== Work task ==
Copy, word for word, the lines of the entries below between the one with "Пятиходовой соединитель для" and the one with "Rejoignez-nous le mercredi", inclusive, and leave out everything else.
----- Dataset excerpts -----
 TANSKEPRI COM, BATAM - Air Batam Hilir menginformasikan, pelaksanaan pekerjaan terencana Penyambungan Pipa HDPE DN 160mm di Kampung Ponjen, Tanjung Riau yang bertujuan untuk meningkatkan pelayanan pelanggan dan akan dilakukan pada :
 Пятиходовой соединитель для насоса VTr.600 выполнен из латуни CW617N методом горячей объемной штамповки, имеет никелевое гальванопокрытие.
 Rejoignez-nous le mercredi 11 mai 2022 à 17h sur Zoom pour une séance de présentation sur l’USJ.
-----
----- Dataset excerpts -----
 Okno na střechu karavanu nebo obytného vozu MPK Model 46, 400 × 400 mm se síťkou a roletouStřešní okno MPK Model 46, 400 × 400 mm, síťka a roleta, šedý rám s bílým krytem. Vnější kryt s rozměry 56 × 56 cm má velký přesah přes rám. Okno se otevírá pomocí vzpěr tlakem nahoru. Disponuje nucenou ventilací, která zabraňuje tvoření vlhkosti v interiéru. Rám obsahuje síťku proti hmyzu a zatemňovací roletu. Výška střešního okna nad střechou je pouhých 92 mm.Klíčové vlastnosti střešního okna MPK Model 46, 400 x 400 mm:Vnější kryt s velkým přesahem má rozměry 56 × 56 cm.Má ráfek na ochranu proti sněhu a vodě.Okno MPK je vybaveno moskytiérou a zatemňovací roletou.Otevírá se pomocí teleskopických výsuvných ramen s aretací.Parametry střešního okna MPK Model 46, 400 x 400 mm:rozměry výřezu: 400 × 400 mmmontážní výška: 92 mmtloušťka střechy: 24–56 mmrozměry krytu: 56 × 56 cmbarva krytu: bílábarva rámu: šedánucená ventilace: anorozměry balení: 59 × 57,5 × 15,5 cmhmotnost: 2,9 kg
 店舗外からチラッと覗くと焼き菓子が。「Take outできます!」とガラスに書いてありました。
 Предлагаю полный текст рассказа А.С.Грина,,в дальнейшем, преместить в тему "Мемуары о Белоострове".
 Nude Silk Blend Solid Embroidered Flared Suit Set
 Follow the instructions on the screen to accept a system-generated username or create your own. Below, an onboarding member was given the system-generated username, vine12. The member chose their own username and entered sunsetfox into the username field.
-----
----- Dataset excerpts -----
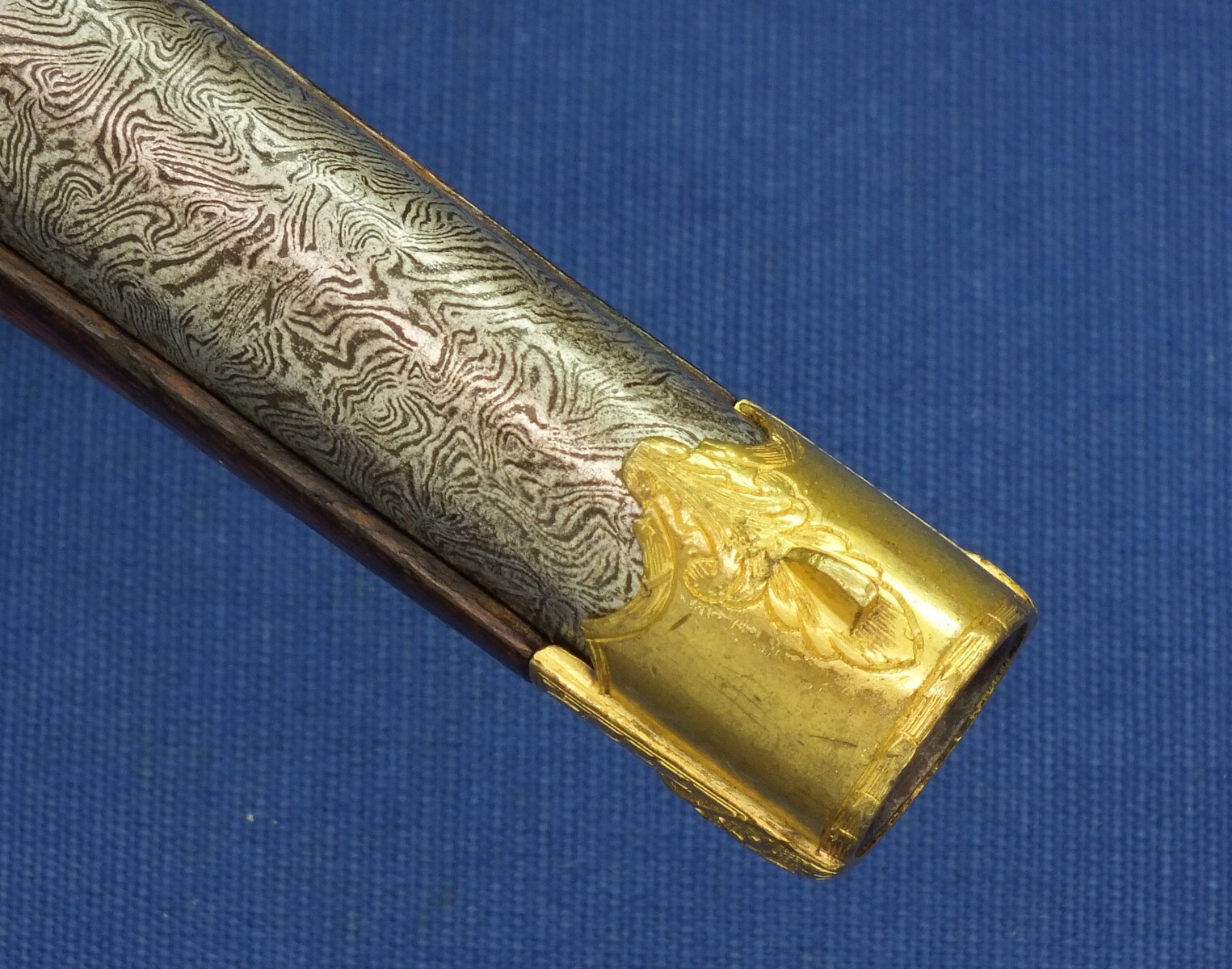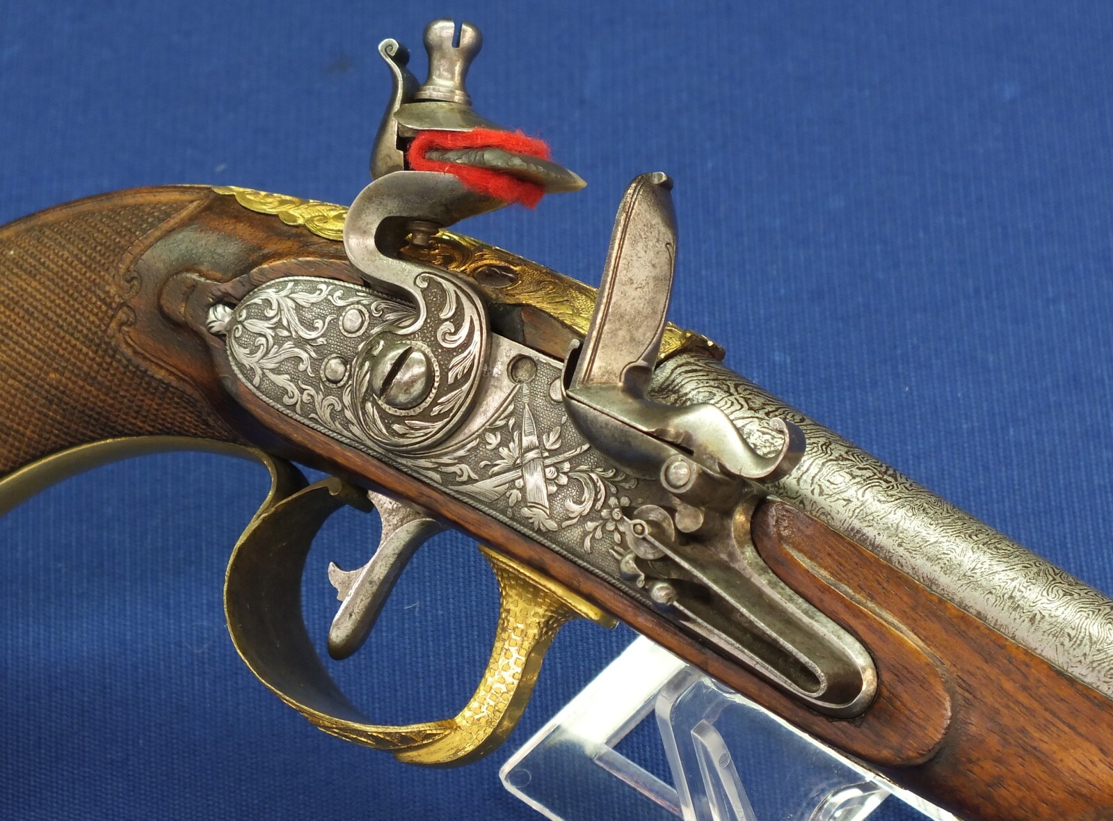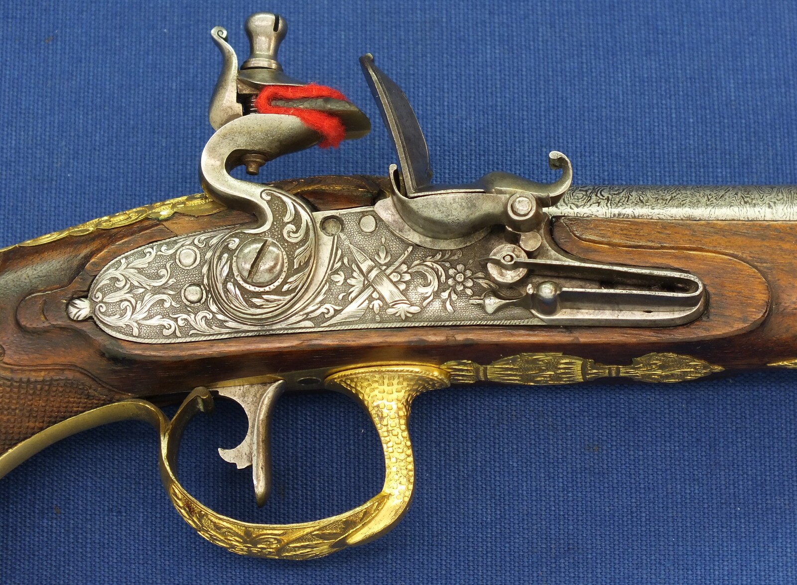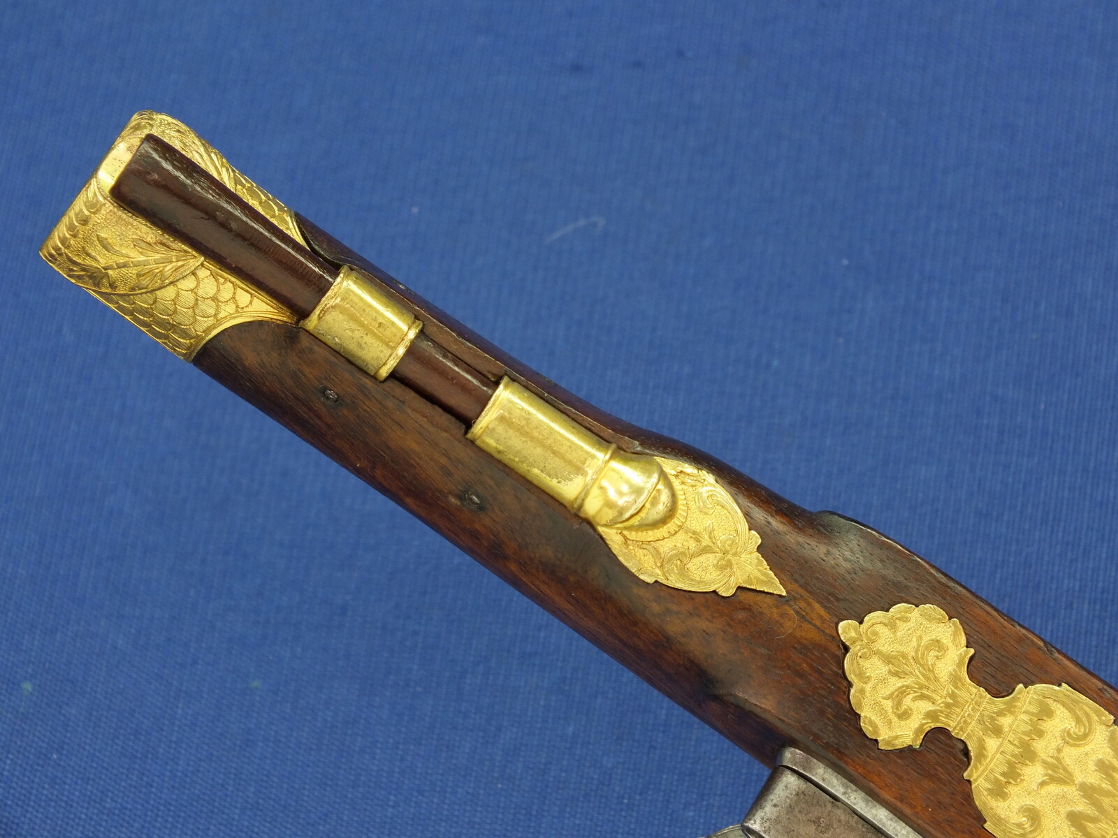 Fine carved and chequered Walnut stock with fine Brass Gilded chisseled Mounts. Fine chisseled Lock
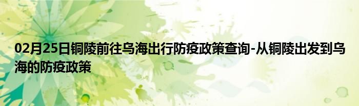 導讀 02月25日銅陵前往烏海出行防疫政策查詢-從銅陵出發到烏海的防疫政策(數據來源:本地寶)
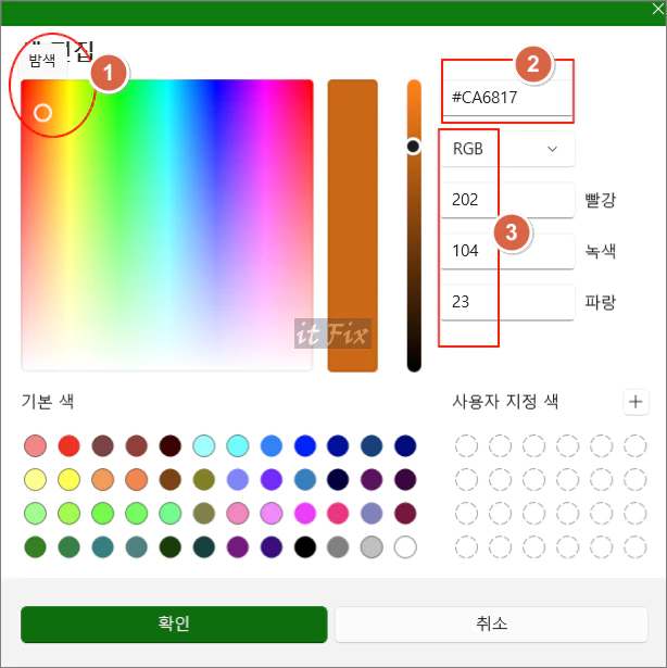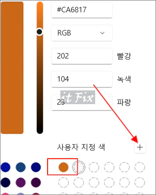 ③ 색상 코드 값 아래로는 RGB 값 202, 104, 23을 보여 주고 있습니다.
-----
== Solution for this problem ==
 Пятиходовой соединитель для насоса VTr.600 выполнен из латуни CW617N методом горячей объемной штамповки, имеет никелевое гальванопокрытие.
 Rejoignez-nous le mercredi 11 mai 2022 à 17h sur Zoom pour une séance de présentation sur l’USJ.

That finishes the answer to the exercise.